We woke up early on our first morning on the West Highland Way. Maybe 6 AM. Due to the period of dogs sniffing our tent the night before (bit creepy) and the slight incline in the ground we woke up halfway down our tent with our feet pushing the wall. Despite this, I felt rearing to go with a jolly spring in my step, fuelled by conquering our first day and inching ever closer to the 20 mile mark. We couldn’t believe we nearly had 20 miles under our belts already, I can only describe that realisation as a moment of deep, ripe contentment.
The morning was dreich and looked like it was constantly holding in the rain. At any moment, it could spill over and shower heavily down on us. There was a flecky, misty grey sky above and the mystic still water of Loch Lomond ahead. We kept looking at it dreamily as we packed. We recognised it as the same as the view as the one atop Conic Hill, with all the green land scattered throughout the water, so we knew that we’d be tackling Conic Hill with fresh legs in a mile or two – as we had planned.
Just before we set off for the day a trail runner ran passed us, a woman, who cheerily told us through her panting that the rain was being held at bay. I thought it was incredible that she got up that morning to go for a damp run, with basically nothing but a water bladder strapped to her back. She wished us good luck for our walk and ran off into the misty sunrise, and I wondered where her run would stop that day. What every day heroes we meet.
We began our walk chattering lowly with sleepy smiles. Jillianne was struggling to get going that morning and we stopped a few times to take jackets on and off, to eat snacks, to stretch. We had discovered, by that point, that her backpack was low-key shit so lots of forehead kisses were needed. As we stretched, a couple we had passed further back overtook us and we were surprised to see the guy who grinned our way had a ciggy in his hand. Smoking and hiking at 7AM. Mentaaaal.
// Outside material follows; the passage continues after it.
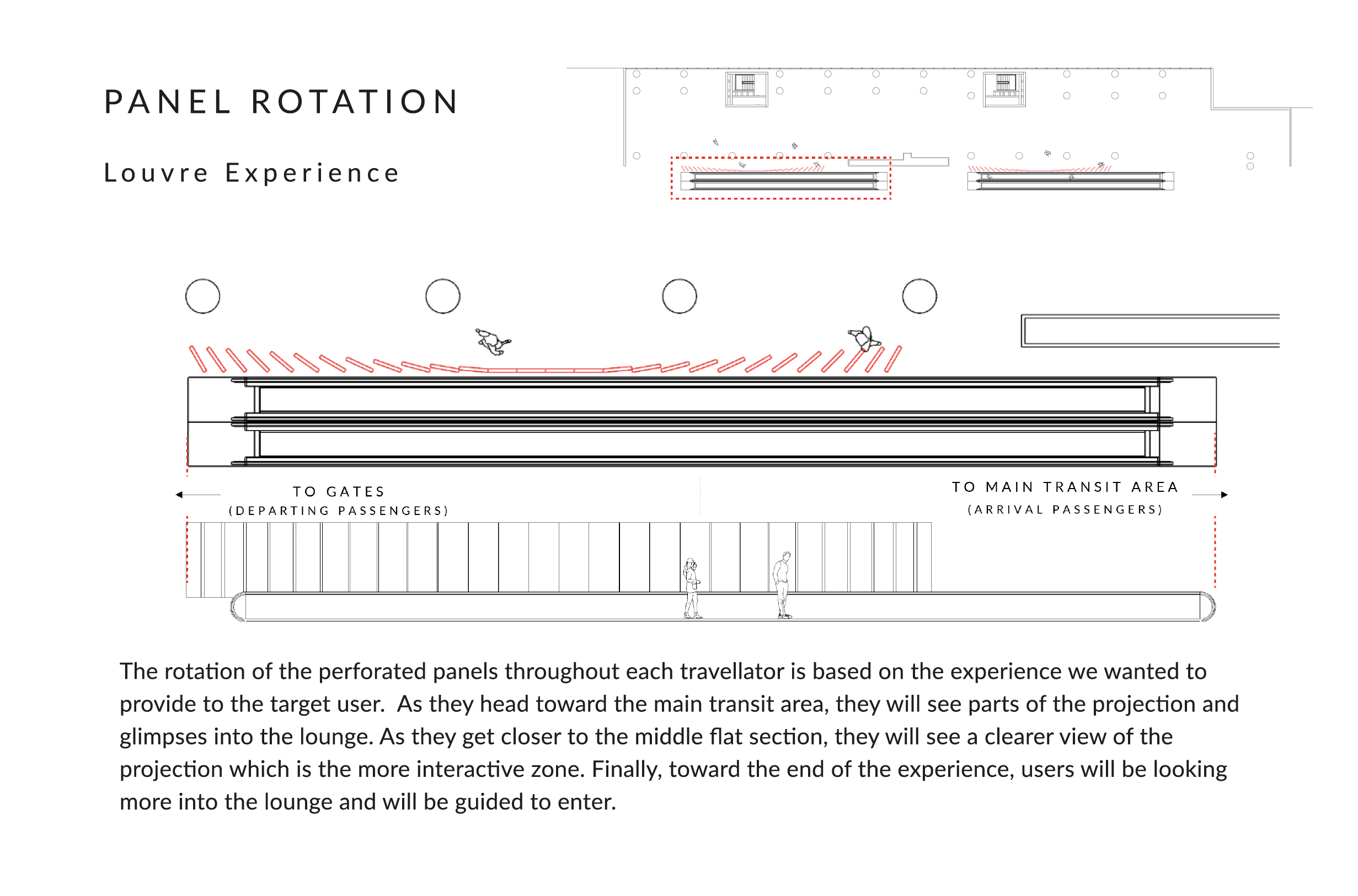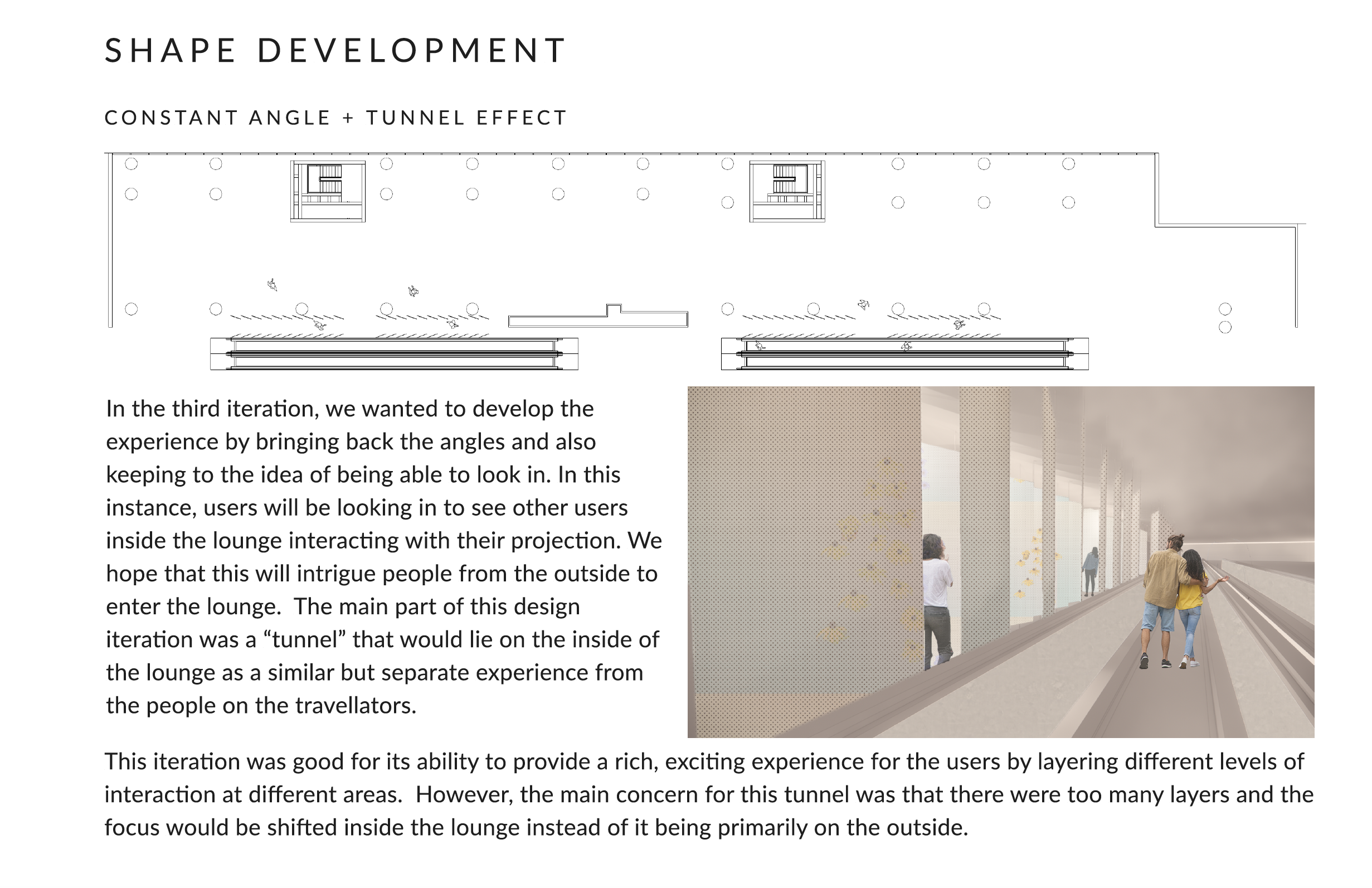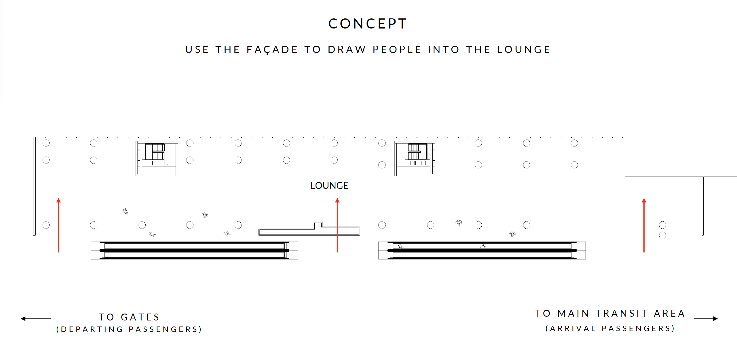 Passersby on the outside of the facade along the escalator, drawn by the animated spectacle, would be compelled to investigate the source of the enchantment within the lounge. This ingenious design would not only welcome arriving passengers but also actively engaged and beckoned them to join the vibrant atmosphere within.

A stand-off with a bunch of cows
Just before we ascended the start of Conic Hill we had a scary interaction with four cows on the path. They were standing in the middle of the path and not moving, just staring at us and mooing, a few feet from us. One of them even edged closer to us. They looked quite young, and their parents were standing a bit further away. Ever since Jillianne told me the story of her brother Callan getting chased by cows, and that film with Gemma Arterton where a random farmer gets trampled, I am terrified of them. They can be so unpredictable and the sheer size of them is enough to cause a lot of damage. Jillianne told me to put my head down and stop making eye contact, to show that we didn’t want to threaten them. We walked on thankfully unscathed, but out of fear I didn’t look up from the ground until we were at least 100 metres on, just in case they had followed us. This is the most scared I felt on the WHW and I honestly would NEVER want to be back on that cow-filled path again.
Climbing Conic Hill and a Glasgwegian descent
We’d climbed Conic Hill in our training for the West Highland Way, so we knew it was short but strenuous climb to the top. However, the West Highland Way tackles it from the other side, so at the end of the hill we arrive in Balmaha. Strangely, climbing it this way round felt a lot easier and more of a gradual ascent, and in no time we reached the top of Conic Hill and started the descent. We were immediately bombarded with a lot of families and groups of friends walking, most of whom had commuted from Glasgow. After being so alone on our walk so far it felt like a shock to be around loud walkers in such a high volumes. Although, I remember the wholesome interactions with people too – my favourite being chatting to a woman in her 20s who was panting and struggling to get to the top, and we told her to keep going, she was literally nearly there. We never knew if she did make it to the top, but I have a good feeling that she did and she was proud of herself.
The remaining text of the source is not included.